What you are asked to do:
Write out the records once more, exactly, and keep any image out.
··· Material for this task ···
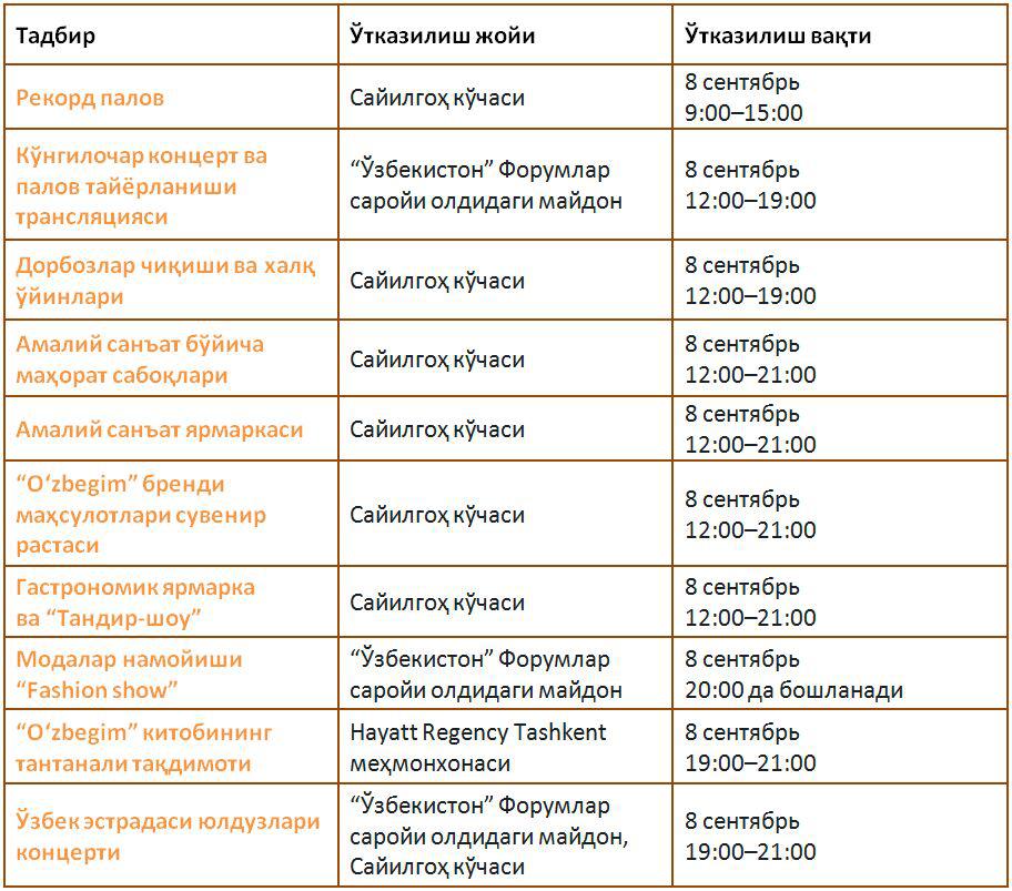 Festival dasturi bilan quyidagi jadval orqali tanishing:
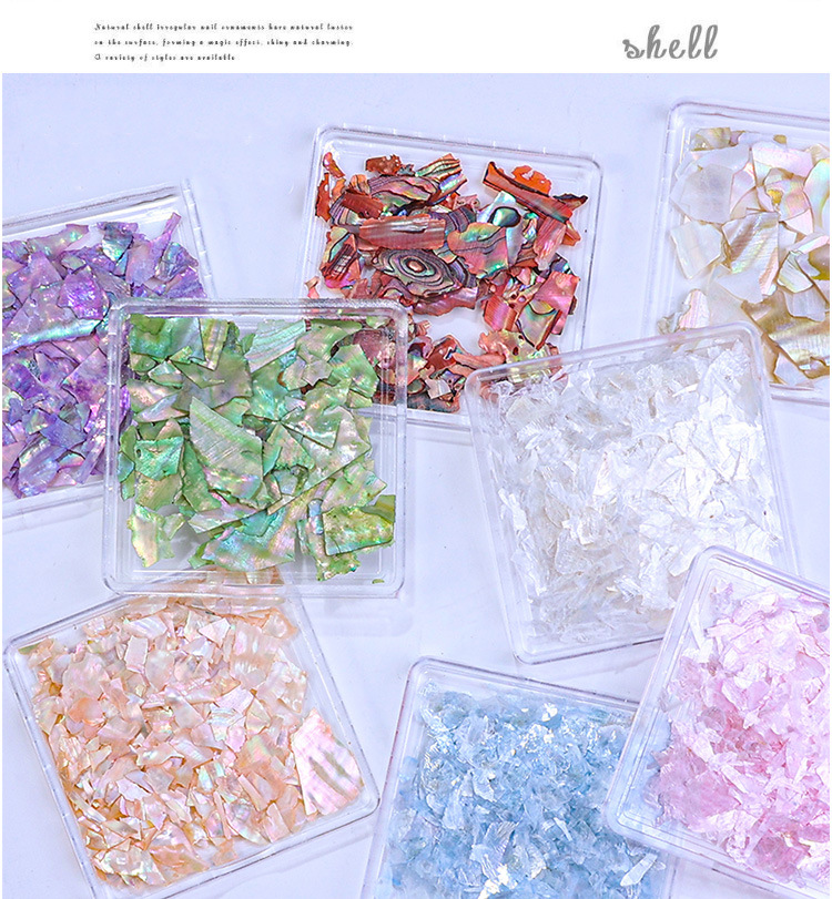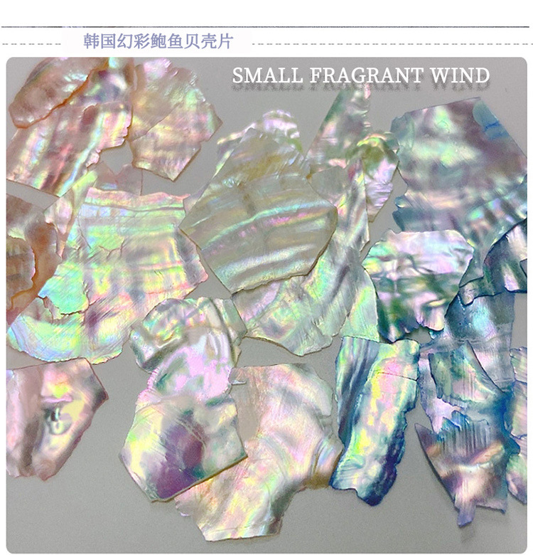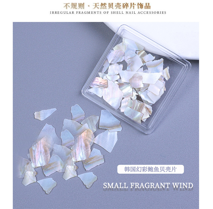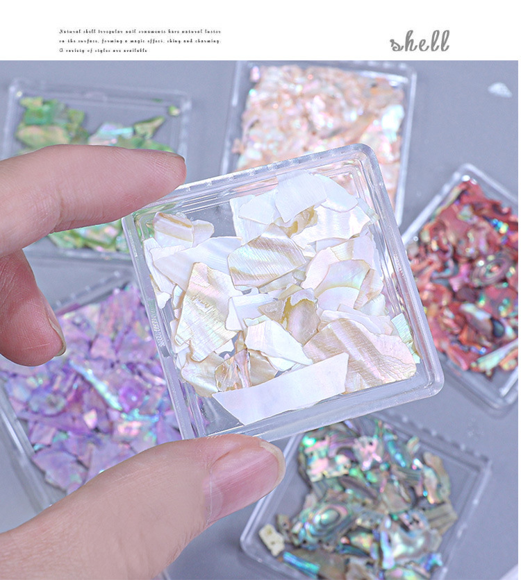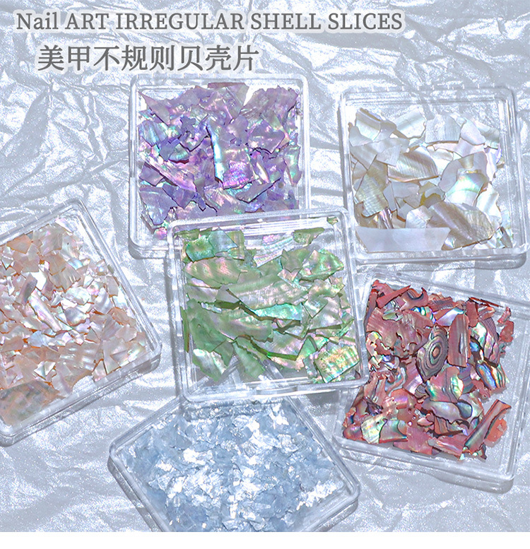 Decoraciones para uñas, piezas de concha de abulón iridiscente, decoraciones en caja, venta al por mayor, fragmentos de concha ultrafinos irregulares, decoración para uñas DIY
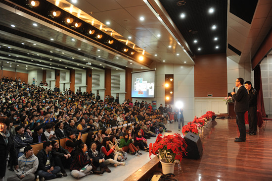 11月4日晚,应俞敏洪理事长邀请,《百家讲坛》主讲“两宋风云”的北京海淀区教师进修学校高级教师袁腾飞来我院举办题为“中国传统文化在当代的继承与应用”的讲座。俞敏洪理事长、学院领导、部分教师及千余名学生聆听讲座,本次讲座由俞敏洪理事长主持。
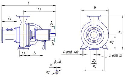 – чавунний корпус зі стандартним фланцевим вхідним і вихідним отвором;
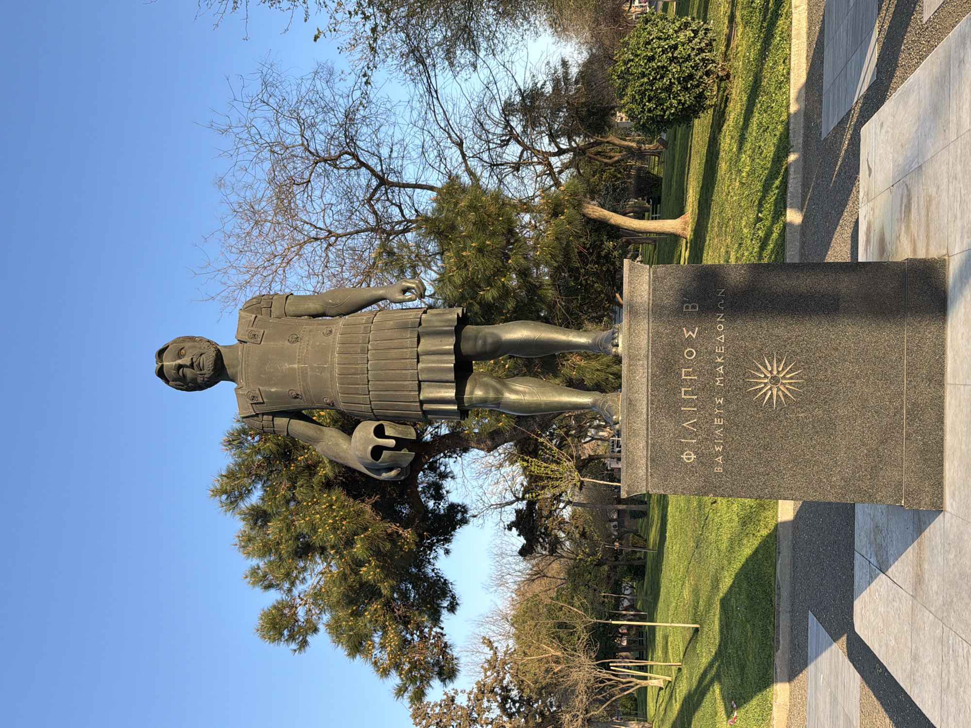 - "A bronze statue of Philip II of Macedon stands centrally on a dark granite pedestal in the Garden of Philip II, located within the Nea Paralia (New Waterfront) area of Thessaloniki Municipal Unit, Greece" by FM-Q1XvS2, licensed under CC BY 4.0
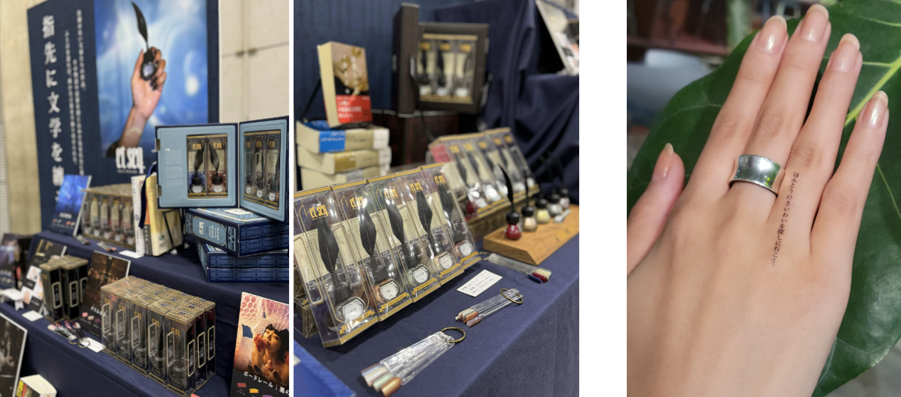 昨年に続き2度目の出店となる今回は、「文学を纏う」が台湾のネイルブランド「et seq.」と共同制作した羽根ペンネイルポリッシュ「森見登美彦」「江國香織」「京極夏彦」「太宰治」「宮沢賢治」の5シリーズ(全26商品)に加え、新商品となる「ルームミスト:銀河鉄道の夜」を数量限定で先行販売します。さらに会場限定のノベルティとして、「文学を纏う」ブースで商品を2点以上ご購入いただいたお客様に、「文学を纏う」オリジナルタトゥーシールを先着でプレゼントします。
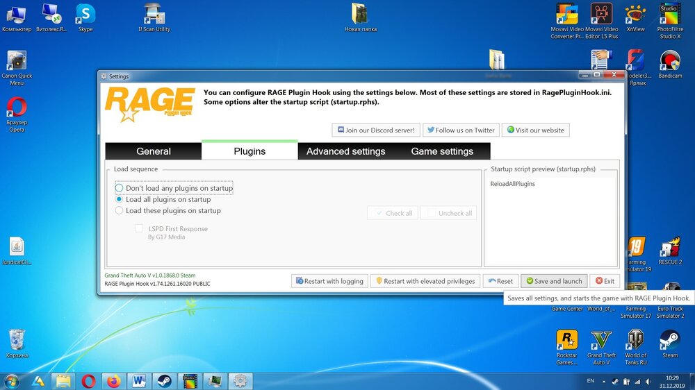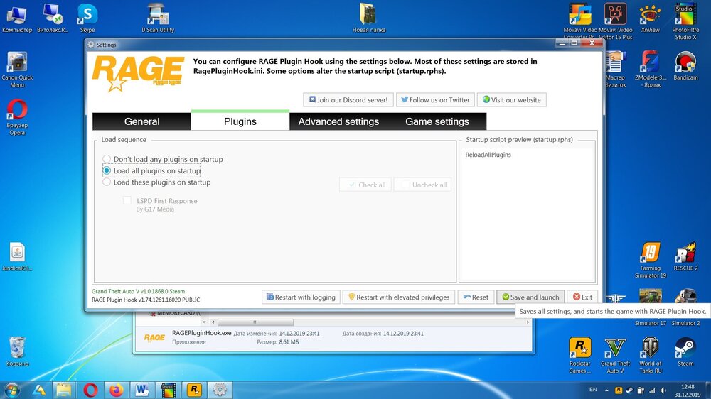 RagePluginHook.logGuys, sorry for the bad English 😃 ... Please help, for some reason I can’t start LSPDFR. The game seems to load everything, RPH also seems to work, but police stations do not appear. When loading the game, it says that the LSPDFR crashes. There are no additional mods, the game is only installed. How to overcome this misfortune? Maybe you need to configure something in RPH when you first start it? RagePluginHook.log I additionally attached screenshots with RPH settings at startup and a screen from the game where the LSPDFR mod cannot load.
···
Result for this task:
 Festival dasturi bilan quyidagi jadval orqali tanishing:
 Decoraciones para uñas, piezas de concha de abulón iridiscente, decoraciones en caja, venta al por mayor, fragmentos de concha ultrafinos irregulares, decoración para uñas DIY
 11月4日晚,应俞敏洪理事长邀请,《百家讲坛》主讲“两宋风云”的北京海淀区教师进修学校高级教师袁腾飞来我院举办题为“中国传统文化在当代的继承与应用”的讲座。俞敏洪理事长、学院领导、部分教师及千余名学生聆听讲座,本次讲座由俞敏洪理事长主持。
 – чавунний корпус зі стандартним фланцевим вхідним і вихідним отвором;
 - "A bronze statue of Philip II of Macedon stands centrally on a dark granite pedestal in the Garden of Philip II, located within the Nea Paralia (New Waterfront) area of Thessaloniki Municipal Unit, Greece" by FM-Q1XvS2, licensed under CC BY 4.0
 昨年に続き2度目の出店となる今回は、「文学を纏う」が台湾のネイルブランド「et seq.」と共同制作した羽根ペンネイルポリッシュ「森見登美彦」「江國香織」「京極夏彦」「太宰治」「宮沢賢治」の5シリーズ(全26商品)に加え、新商品となる「ルームミスト:銀河鉄道の夜」を数量限定で先行販売します。さらに会場限定のノベルティとして、「文学を纏う」ブースで商品を2点以上ご購入いただいたお客様に、「文学を纏う」オリジナルタトゥーシールを先着でプレゼントします。
 RagePluginHook.logGuys, sorry for the bad English 😃 ... Please help, for some reason I can’t start LSPDFR. The game seems to load everything, RPH also seems to work, but police stations do not appear. When loading the game, it says that the LSPDFR crashes. There are no additional mods, the game is only installed. How to overcome this misfortune? Maybe you need to configure something in RPH when you first start it? RagePluginHook.log I additionally attached screenshots with RPH settings at startup and a screen from the game where the LSPDFR mod cannot load.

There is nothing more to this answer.